Without a handrail, keep one crutch in each hand. Move your injured leg and both crutches up together as a single unit, then push through your good leg to step up. This is harder and slower, so take your time.
Going Down
With a handrail, hold it on your uninjured side and put both crutches in the other hand. Lower your crutches and injured leg down to the next step first, then bend your good knee and step that foot down to meet them. Without a handrail, reverse the process: crutches and injured leg go down first, good leg follows.
If the stairs feel too risky, sitting down and scooting on your backside one step at a time is a perfectly safe alternative, especially in the first few days when your arms are still building strength.
Avoiding Nerve Damage and Hand Pain
The most important safety rule with underarm crutches is this: never lean your weight on the armpit pads. All of your weight should press down through your hands on the handgrips. The top pads are only there to help steer the crutches against your ribcage. Leaning on them compresses the nerves that run through your armpit, which can cause weakness in your shoulder, numbness down the outside of your arm, and in chronic cases, lasting nerve damage and muscle wasting. If you notice tingling or numbness in your hands, arms, or shoulders, adjust your technique immediately.

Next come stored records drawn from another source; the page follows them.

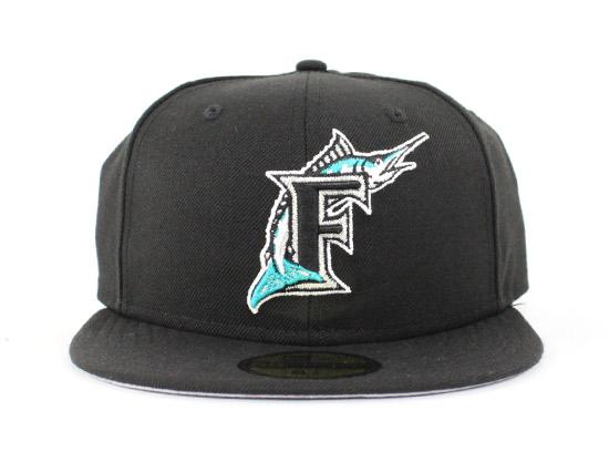 We brought back a classic!!  Florida Marlins 1999 Home New Era 59Fifty Fitted Hat is Black and Gray Under Brim. Also 2000 - 2006 Game Hat. Now available online & in-store!
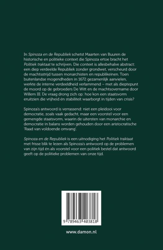 In 'Spinoza en de Republiek' schetst Maarten van Buuren de historische en politieke context die Spinoza ertoe bracht het 'Politiek traktaat' te schrijven. Die context is allesbehalve abstract: een diep verdeelde Republiek zonder grondwet, verscheurd door de machtsstrijd tussen monarchisten en republikeinen. Toen buitenlandse mogendheden in 1672 gezamenlijk aanvielen, werkte de interne verdeeldheid verlammend – met als dieptepunt de moord op de gebroeders De Witt en de machtsovername door Willem III. De vraag drong zich op: hoe kon een staatsvorm eruitzien die vrijheid én stabiliteit waarborgt in tijden van crisis?
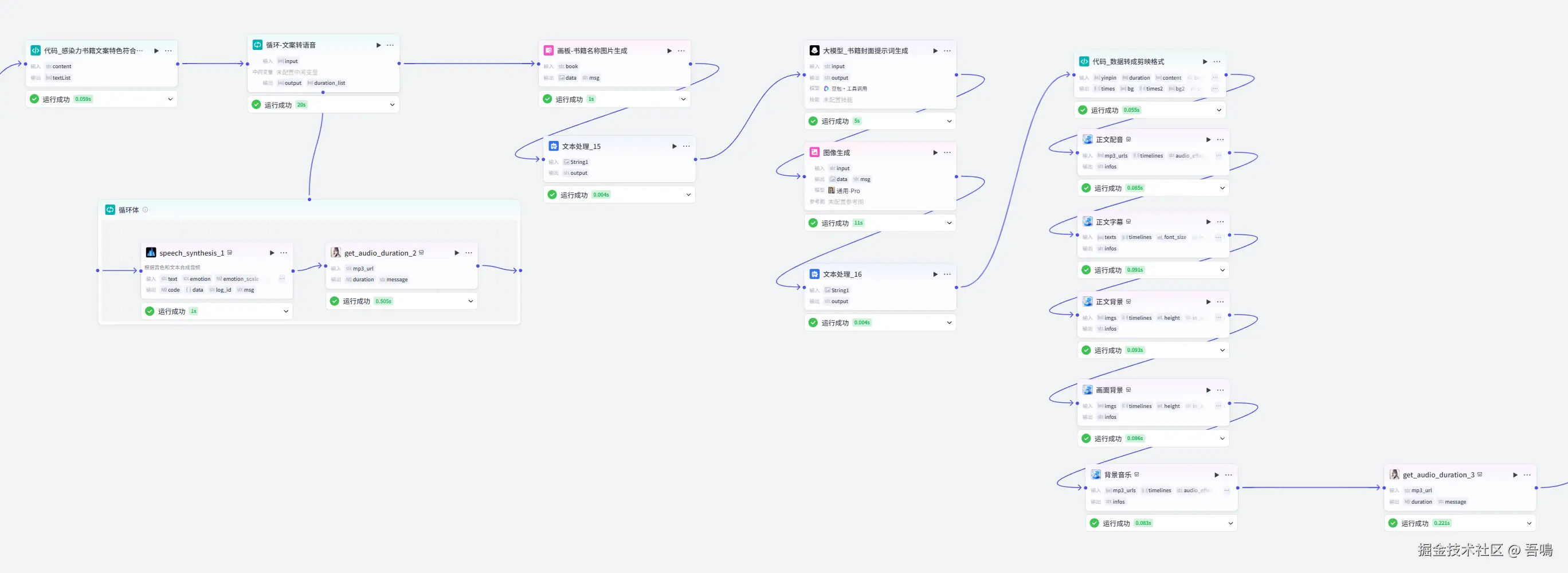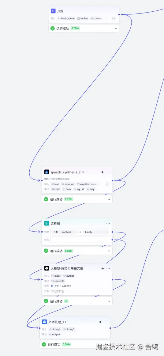 这一部分的工作流主要是用来格式化处理灵魂文案,去除掉一些标点特殊符号,然后进行文案配音,把文案转成更有感染力的音频。除此之外,这部分的工作流节点还会生成卡点视频的背景图片,根据书籍名称自动匹配符合风格的背景图。

Hand and palm soreness is the most common complaint, especially in the first week. Aftermarket gel or foam handgrip covers can make a significant difference. Ergonomic replacement grips that spread pressure across a wider area of your palm are another option. Memory foam grip covers are available for around $10 to $20 and can cut down on the blistering and calluses that come from gripping hard rubber for hours a day.
Making Your Home Safer
Crutch tips have minimal traction on wet or slippery surfaces. Before you start moving around at home, do a quick walkthrough and address the obvious hazards. Secure or remove loose rugs and any rug corners that curl up. Tape down electrical cords that cross walkways. Wipe up any water on tile or hardwood floors immediately, and keep pathways clear of shoes, bags, and clutter.

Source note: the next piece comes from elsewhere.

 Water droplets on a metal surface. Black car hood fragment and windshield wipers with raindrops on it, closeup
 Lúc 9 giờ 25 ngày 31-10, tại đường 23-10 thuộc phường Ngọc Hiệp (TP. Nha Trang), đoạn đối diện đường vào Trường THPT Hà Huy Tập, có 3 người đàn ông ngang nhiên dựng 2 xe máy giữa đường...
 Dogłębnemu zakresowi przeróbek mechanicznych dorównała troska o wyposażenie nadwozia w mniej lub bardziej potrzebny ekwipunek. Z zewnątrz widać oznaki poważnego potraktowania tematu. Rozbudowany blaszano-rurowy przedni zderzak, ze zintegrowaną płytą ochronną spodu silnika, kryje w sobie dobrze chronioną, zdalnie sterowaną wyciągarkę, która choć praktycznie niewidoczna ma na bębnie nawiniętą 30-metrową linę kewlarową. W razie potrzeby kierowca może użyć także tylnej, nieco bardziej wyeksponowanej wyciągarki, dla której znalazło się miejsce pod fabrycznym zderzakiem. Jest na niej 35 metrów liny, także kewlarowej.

A few other adjustments help: move items you use frequently (phone charger, water bottle, medications) to waist height so you don’t have to bend or reach while balancing. If your bathroom has a smooth tile floor, consider a non-slip bath mat outside the shower. A shower chair or stool lets you sit while washing, which removes the risk of standing on a wet surface with one functional leg entirely.

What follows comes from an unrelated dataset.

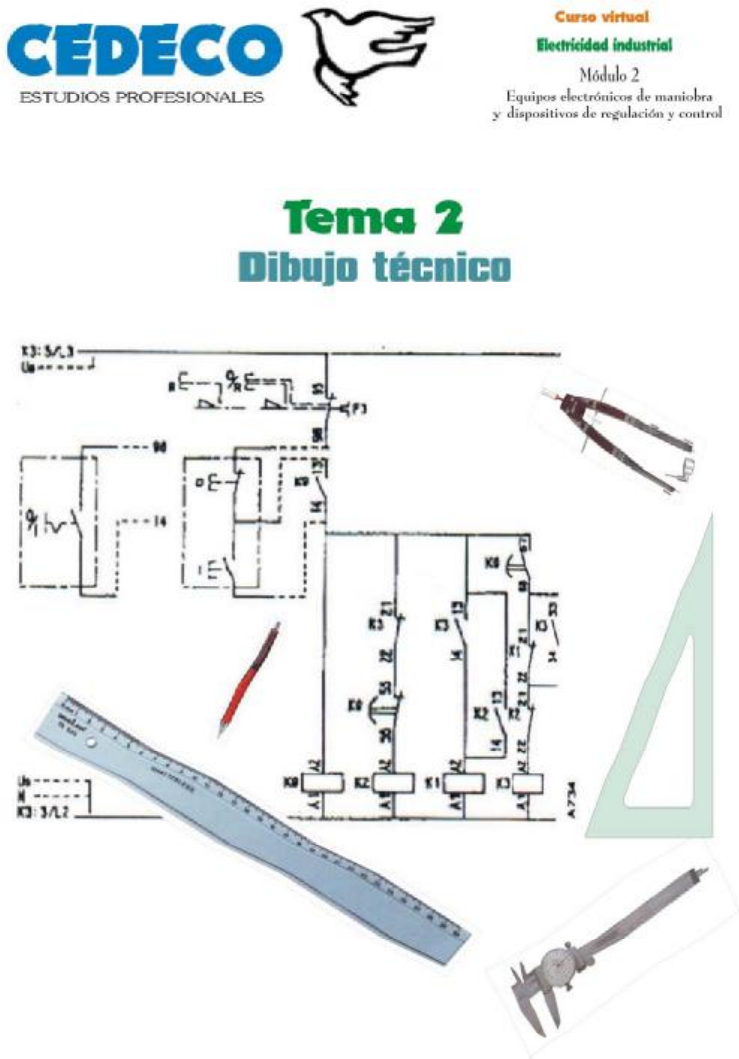 Tema 2 Dibujo técnico Indice 1. Manejo de la escuadra y el cartabón . . . . . . . . . . . . . . . . . . . . . . . . . . . . . . . . . . . . . . . . . . . . . . 1 2. Trazar líneas paralelas . . . . . . . . . . . . . . . . . . . . . . . . . . . . . . . . . . . . . . . . . . . . . . . . . . . . . . . . 1 3. Trazar perpendiculares entre sí . . . . . . . . . . . . . . . . . . . . . . . . . . . . . . . . . . . . . . . . . . . . . . . . . . 2 4. Posición correcta del cartabón . . . . . . . . . . . . . . . . . . . . . . . . . . . . . . . . . . . . . . . . . . . . . . . . . . . 3 5. Desplazamientos en el trazado de perpendiculares . . . . . . . . . . . . . . . . . . . . . . . . . . . . . . . . . . 5 6. Ángulos . . . . . . . . . . . . . . . . . . . . . . . . . . . . . . . . . . . . . . . . . . . . . . . . . . . . . . . . . . . . . . . . . . . . 6 7. Plano . . . . . . . . . . . . . . . . . . . . . . . . . . . . . . . . . . . . . . . . . . . . . . . . . . . . . . . . . . . . . . . . . . . . . . 7 8. Interpretación de planos . . . . . . . . . . . . . . . . . . . . . . . . . . . . . . . . . . . . . . . . . . . . . . . . . . . . . . . 7 9. Representación de un objeto a cuatro vistas . . . . . . . . . . . . . . . . . . . . . . . . . . . . . . . . . . . . . . . . 9 10. Ejemplo de planos de una sola vista (objetos redondos) . . . . . . . . . . . . . . . . . . . . . . . . . . . . . . 11 11. Formatos de hojas . . . . . . . . . . . . . . . . . . . . . . . . . . . . . . . . . . . . . . . . . . . . . . . . . . . . . . . . . . . 12 12. Formatos para dibujos . . . . . . . . . . . . . . . . . . . . . . . . . . . . . . . . . . . . . . . . . . . . . . . . . . . . . . . . 13 Curso Virtual: Electricidad industrial Módulo 2. Tema 2. Dibujo técnico Página 1 de 14 Tema 2 Dibujo técnico 1. MANEJO DE LA ESCUADRA Y EL CARTABÓN La escuadra que se emplea en dibujo, es de PVC transparente y de bordes rectos sin chaflanes y sin graduación de distancias, Tiene un ángulo recto y los otros dos ángulos iguales de 45 º, los lados de los catetos del triángulo por tanto, son iguales. El cartabón debe ser de las mismas características que la escuadra, con un ángulo recto y los otros dos lados del triángulo, uno es doble del otro de largo, por tanto sus ángulos son de 30º y 60 º La regla graduada, en milímetros, se emplea como auxiliar para delimitar las distancias, la regla graduada puede tener chaflán, pero no es una necesidad imperiosa 2. TRAZAR LÍNEAS PARALELAS En el trazado se emplea el cartabón por el lado más largo como base, desplazando la escuadra sobre uno de los lados se pueden trazar lineas paralelas como se indica en la figura 1 Observe la figura 1 y realice ejercicios de trazado de líneas paralelas, asentando el cartabón sobre el papel y haciendo presión con la mano para evitar que se mueva, con la otra mano asiente la escuadra y desplace la escuadra a derecha y a izquierda, luego trace varias líneas, aproximadamente a un centímetro cada una, sin medir, a ojo, se trata simplemente, de que no se mueva el cartabón mientras se desplaza la escuadra. Si no aprieta lo suficiente se moverá, y si aprieta demasiado se cansará. Debe de graduar sus fuerzas. Cuando haya trazado diez o doce paralelas, quite escuadra y cartabón levantando ambas piezas del papel. Luego vuelva a colocar de nuevo escuadra y cartabón para seguir trazando líneas paralelas, observe su dibujo y compruebe si las líneas siguen siendo paralelas, mida con la regla las distancia entre las dos líneas extremas arriba y abajo y vea si miden iguales o si son líneas convergentes. Curso Virtual: Electricidad industrial Módulo 2. Tema 2. Dibujo técnico Página 2 de 14 Figura 1 TRAZADO DE PARALELAS VERTICALES 3. TRAZAR PERPENDICULARES ENTRE SÍ Para trazar perpendiculares en cualquier postura, se utilizan los 45 grados de la escuadra. Primero se trazan líneas paralelas como se hizo en la figura 1, pero esta vez utilizando la hipotenusa del triángulo. Se obtienen paralelas inclinadas que forman con la base 45º (figura 2). Seguidamente se da la vuelta a la escuadra y se obtiene los otros 45 grados, en sentido contrario (figuras 3). Entre los dos trazos habrá 90º Figura 2 TRAZADOS DE PARALELAS A 45º Curso Virtual: Electricidad industrial Módulo 2. Tema 2. Dibujo técnico Página 3 de 14 Figura 3 TRAZADO DE PERPENDICULARES ENTRE SÍ 4. POSICIÓN CORRECTA DEL CARTABÓN En las figuras 1, 2 y 3, el cartabón se ha colocado horizontalmente, sin embargo, no es la posición más conveniente, puesto que se ha visto que dando vueltas a la escuadra se pueden obtener perpendiculares, se debe de aprovechar esta ventaja en el trazado situando las posiciones de ambos instrumentos como se muestra en la figura 4 Esta es la mejor posición para sacarle el máximo provecho la escuadra, con la hipotenusa horizontal y el cartabón inclinado con el lado más largo sirviendo de base para el desplazamiento de la escuadras Compruebe de nuevo la figura 4, y observe que el ángulo menor, el de 30º, se coloca hacia arriba, con ello la parte más ancha queda hacia abajo y se puede sujetar mejor el cartabón para que no se mueva mientras se desplaza la escuadra. Curso Virtual: Electricidad industrial Módulo 2. Tema 2. Dibujo técnico Página 4 de 14 Cuando se trazan líneas paralelas, se hacen primero los trazos superiores y luego se va desplazando y pintando, con ello sé evitar pasar por encima de lo trazado y no hacer borrones, al mismo tiempo que se evita ensuciar los útiles. El cartabón no se levanta nunca de su posición, solamente se desplaza y cuado se tenga que desplazar, se hace fijando la escuadra y deslizando el cartabón sobre la escuadra, hasta la postura necesaria. Practique trazar horizontales como se muestra en la figura 4 desde lo más alto que pueda hasta lo más bajo que le permita el papel y desplace el cartabón utilizando la escuadra. Ojo, si lleva el desplazamiento mas allá de la mitad de lo que midan los catetos de la es

Common Mistakes That Slow You Down
Most people make the same handful of errors in the first few days. Placing the crutch tips too far ahead forces you into long, unstable strides. Keep them about 12 inches in front of your toes. Holding the crutches too close together narrows your base of support and makes you wobble side to side. Six inches out from each shoe is a good starting width.
Rushing is another frequent problem. The three-point gait feels slow, and the temptation is to speed up by taking bigger steps or skipping the pause between movements. This is how most crutch-related falls happen. Each cycle (crutches forward, injured leg forward, good leg through) should feel deliberate. Speed will come naturally as your arms get stronger and the pattern becomes automatic, usually within the first week or two.
Finally, crutch walking is genuinely tiring. Your arms, shoulders, and good leg are doing work they’re not used to. Take breaks. Sit down every 10 to 15 minutes if you’re moving around the house, and don’t push through arm fatigue, because that’s when your form breaks down and your armpit starts bearing weight it shouldn’t.